→ Exercise aim
Give the lines of the material verbatim, from the first line to the line with "Pendentif coeurs entrelacés", including both.
⁂
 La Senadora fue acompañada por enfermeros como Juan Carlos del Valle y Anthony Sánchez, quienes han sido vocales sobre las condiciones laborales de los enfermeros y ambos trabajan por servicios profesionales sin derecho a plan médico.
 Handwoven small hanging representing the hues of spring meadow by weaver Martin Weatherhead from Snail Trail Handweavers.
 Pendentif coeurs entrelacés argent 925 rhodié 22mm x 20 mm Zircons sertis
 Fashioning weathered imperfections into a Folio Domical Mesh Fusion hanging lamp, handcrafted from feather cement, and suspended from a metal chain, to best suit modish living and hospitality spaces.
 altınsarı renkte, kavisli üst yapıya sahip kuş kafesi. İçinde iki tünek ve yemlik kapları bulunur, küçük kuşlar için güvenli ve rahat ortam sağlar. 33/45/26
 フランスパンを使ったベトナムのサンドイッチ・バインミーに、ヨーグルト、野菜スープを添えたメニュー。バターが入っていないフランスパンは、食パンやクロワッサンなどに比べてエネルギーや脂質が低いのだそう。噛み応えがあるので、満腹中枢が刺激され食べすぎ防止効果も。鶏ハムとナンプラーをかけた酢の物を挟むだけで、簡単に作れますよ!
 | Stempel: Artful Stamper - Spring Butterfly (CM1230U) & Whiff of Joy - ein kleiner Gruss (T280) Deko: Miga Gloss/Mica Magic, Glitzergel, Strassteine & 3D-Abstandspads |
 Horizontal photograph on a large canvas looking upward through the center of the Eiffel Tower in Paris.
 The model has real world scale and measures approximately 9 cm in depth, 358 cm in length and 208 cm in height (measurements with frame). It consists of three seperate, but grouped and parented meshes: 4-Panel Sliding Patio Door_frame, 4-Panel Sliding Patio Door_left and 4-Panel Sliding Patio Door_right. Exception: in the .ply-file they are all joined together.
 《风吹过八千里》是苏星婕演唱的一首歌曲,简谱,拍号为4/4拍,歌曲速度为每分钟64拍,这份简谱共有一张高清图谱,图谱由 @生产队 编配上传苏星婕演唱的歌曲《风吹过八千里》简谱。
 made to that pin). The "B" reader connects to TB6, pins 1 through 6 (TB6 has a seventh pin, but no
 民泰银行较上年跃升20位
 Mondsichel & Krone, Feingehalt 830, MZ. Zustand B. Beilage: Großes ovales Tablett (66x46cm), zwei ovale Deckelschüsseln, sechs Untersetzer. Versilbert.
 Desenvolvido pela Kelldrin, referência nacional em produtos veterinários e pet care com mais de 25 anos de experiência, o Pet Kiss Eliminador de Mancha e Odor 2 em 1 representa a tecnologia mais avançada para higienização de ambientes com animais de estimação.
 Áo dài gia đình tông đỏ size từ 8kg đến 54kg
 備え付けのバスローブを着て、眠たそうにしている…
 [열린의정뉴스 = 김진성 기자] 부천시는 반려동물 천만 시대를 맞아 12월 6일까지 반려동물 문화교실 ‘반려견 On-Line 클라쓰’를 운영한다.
⁂
→ Answer for the task
 La Senadora fue acompañada por enfermeros como Juan Carlos del Valle y Anthony Sánchez, quienes han sido vocales sobre las condiciones laborales de los enfermeros y ambos trabajan por servicios profesionales sin derecho a plan médico.
 Handwoven small hanging representing the hues of spring meadow by weaver Martin Weatherhead from Snail Trail Handweavers.
 Pendentif coeurs entrelacés argent 925 rhodié 22mm x 20 mm Zircons sertis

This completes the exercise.